Courts Stretching Computer Hacking Law In Dangerous Ways
from the that's-not-what-it's-for dept
Michael Scott points us to a very interesting analysis of how to different appeals courts have very different interpretations of our federal anti-hacking law. The Computer Fraud and Abuse Act was passed by Congress to create criminal sanctions for malicious computer hacking. The problem, of course, is that whenever you have politicians passing laws about technology, they may be a bit vague. So, the way hacking was defined was effectively to say that the perpetrator accessed info “without authorization” or (more troubling) that the activity “exceeds authorized access.” Now, it’s pretty obvious what’s meant by this. If you’re breaking into parts of a computer system where you don’t belong for nefarious purposes, you’re probably violating this law.
But that’s not how all courts are interpreting it. The article notes that the Seventh Circuit, in International Airport Centers, LLC v. Citrin, found that an employee violated this law by deleting information on his laptop (which would have presented evidence of a breach of contract by the guy), after he had resigned. Obviously, that’s a totally different situation than what the CFAA was intended to cover, but the court found that once he quit, he was no longer authorized to use the laptop, and doing so was effectively hacking. That seems like an extreme stretch of the law. But at least some other courts are following suit:
For example, in a case in the U. S. District Court for the Eastern District of Missouri, the district court relied upon the Citrin decision and held that, even if employees were authorized to access their employer’s computer records, they cannot use such authorization (and, hence, their access can become “unauthorized”), if they use the information for their own interests…. The court concluded that the employer sufficiently alleged that the employees “acted without authorization when they obtained [the employer’s] information for their personal use and in contravention of their fiduciary duty to their employer.”
Yes, you read that right. If you use your employer’s computer simply to access the company’s data for your personal use, you may be guilty of computer hacking.
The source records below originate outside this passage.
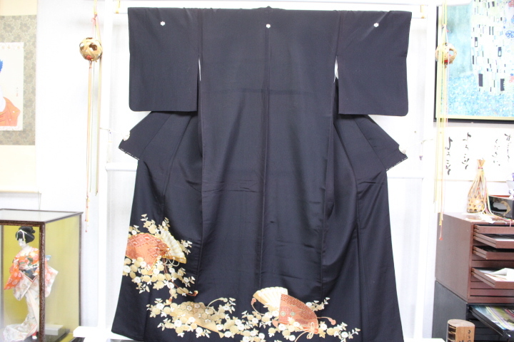 - きもの今昔8577 合繊黒留袖紋付 ポリエステル比翼付き 扇に金駒刺繍房紐刺繍と菊の花柄 身丈161cm
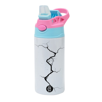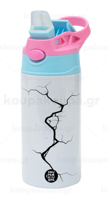 Cracked, Children's hot water bottle, stainless steel, with safety straw, Pink/BlueCiel (360ml) BPA FREE
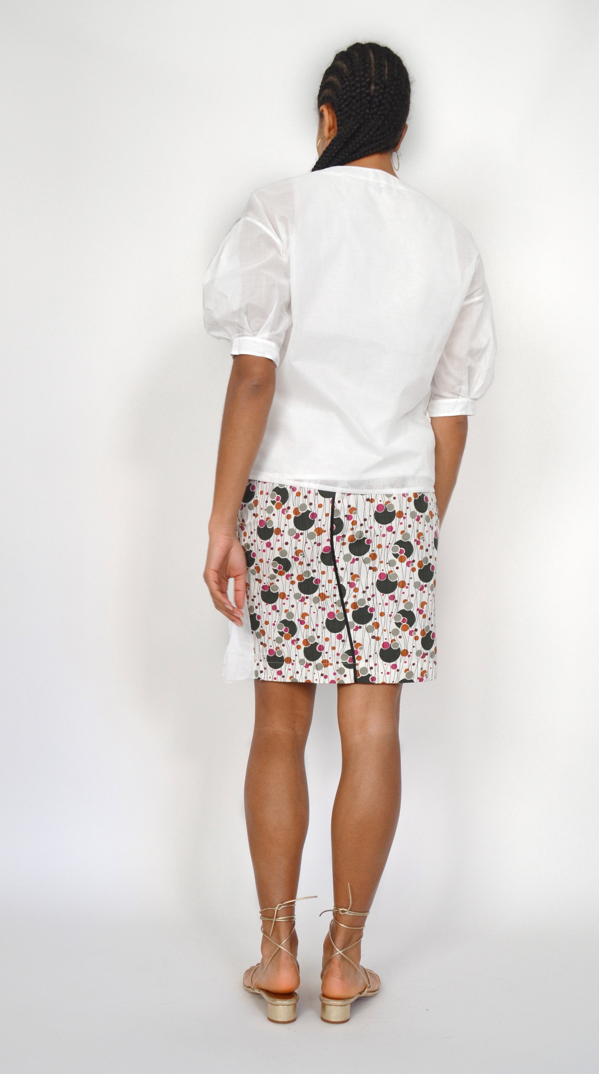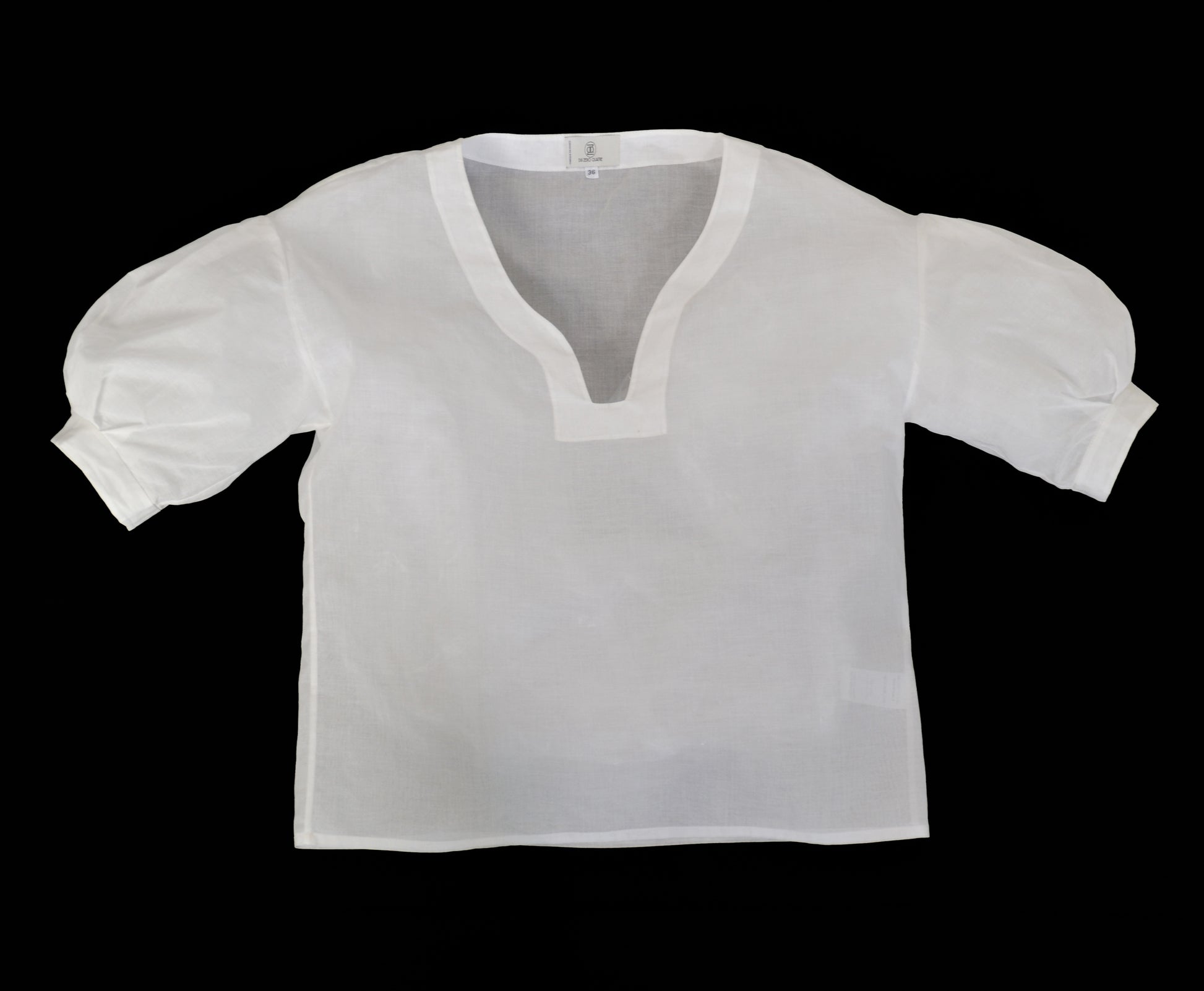 L’organdi, ce voile de coton dont l’apprêt le rend assez rigide pour permettre de réaliser des volumes tout en légèreté. C’est le cas pour ce haut dont les manches ballon sont réalisées uniquement grâce à un pli creux et quelques fronces. Son décolleté asymétrique apporte une touche raffinée et originale.

That’s quite clearly not what the law was intended to cover.
Thankfully, the Ninth Circuit (which all too often comes out with weird decisions) seems to have gotten this one right:
In declining to adopt the Seventh Circuit’s interpretation of “without authorization,” the court held that a “person uses a computer ‘without authorization’… [only]  when the person has not received permission to use the computer for any purpose (such as when a hacker accesses someone’s computer without any permission), or  when the employer has rescinded to access the computer and the defendant uses the computer anyway.”… The Ninth Circuit declined to hold that the “defendant’s authorization to obtain information stored in a company computer is ‘exceeded’ if the defendant breaches a state law duty of loyalty to an employer” because no such language was found in the CFAA…. The Ninth Circuit noted that because the CFAA was “primarily a criminal statute,” and because there was ambiguity as to the meaning of the phrase “without authorization,” it would construe any ambiguity against the government….
Obviously, I agree that this is the proper interpretation of the law — and stretching the definition of criminal hacking “without authorization” to things like accessing personal information on an employer’s computer is dangerous. Of course, with the split rulings, it’s likely that eventually this will get to the Supreme Court to sort out, and hopefully they get it right. Or, in the meantime, Congress could clarify the law — but chances are they’d just make it worse.